Search code examples
pythonavro

Incorrect Serialization and Deserialization of Union Types with dataclasses-avroschema


I encountered an issue while using the dataclasses-avroschema package for Avro serialization in Python. When attempting to serialize and deserialize a dataclass with a union type using dataclasses_avroschema, the deserialized object doesn't match the expected type.

from dataclasses_avroschema import AvroModel
from dataclasses import dataclass
import typing

@dataclass
class MessageTypeTwo(AvroModel):
    val: typing.Union[None, str]
    class Meta:
        namespace = "Messages.type.two"

@dataclass
class MessageTypeOne(AvroModel):
    class Meta:
        namespace = "Messages.type.one"

@dataclass
class CoreMessage(AvroModel):
    messageBody: typing.Union[
        MessageTypeOne,
        MessageTypeTwo,
    ]

Serialize and deserialize an instance of CoreMessage with an instance of MessageTypeTwo:

mt2 = MessageTypeTwo(val="val")
core_message = CoreMessage(messageBody=mt2)
serialized = core_message.serialize()
deserialized = CoreMessage.deserialize(serialized)
print(deserialized.messageBody)

Expected Result: The print statement should output MessageTypeTwo(val='val').

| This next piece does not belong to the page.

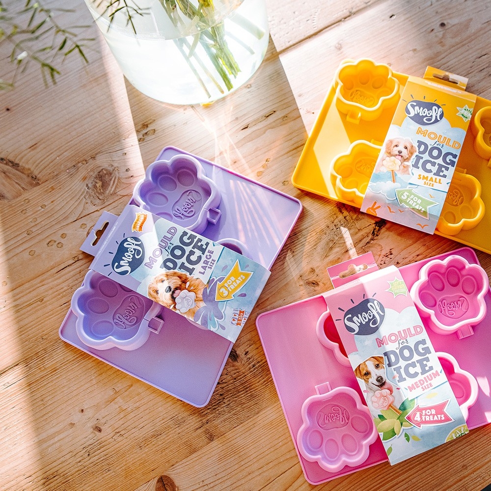 Pour réaliser vos glaces et leur donner un aspect ludique, utilisez les moules à glace Smoofl en forme de pattes ! Ces moules existent en quatre tailles :

Actual Result: The print statement outputs MessageTypeOne().


Solution

  • To resolve the mismatch in deserialization with the dataclasses-avroschema package, I utilize the dacite_config attribute within the Meta class. By setting "strict": True:

    @dataclass
    class CoreMessage(AvroModel):
        messageBody: typing.Union[
            MessageTypeOne,
            MessageTypeTwo,
        ]
        class Meta:
            dacite_config = {
                "strict": True,
            }
    

    For further details, check dacite config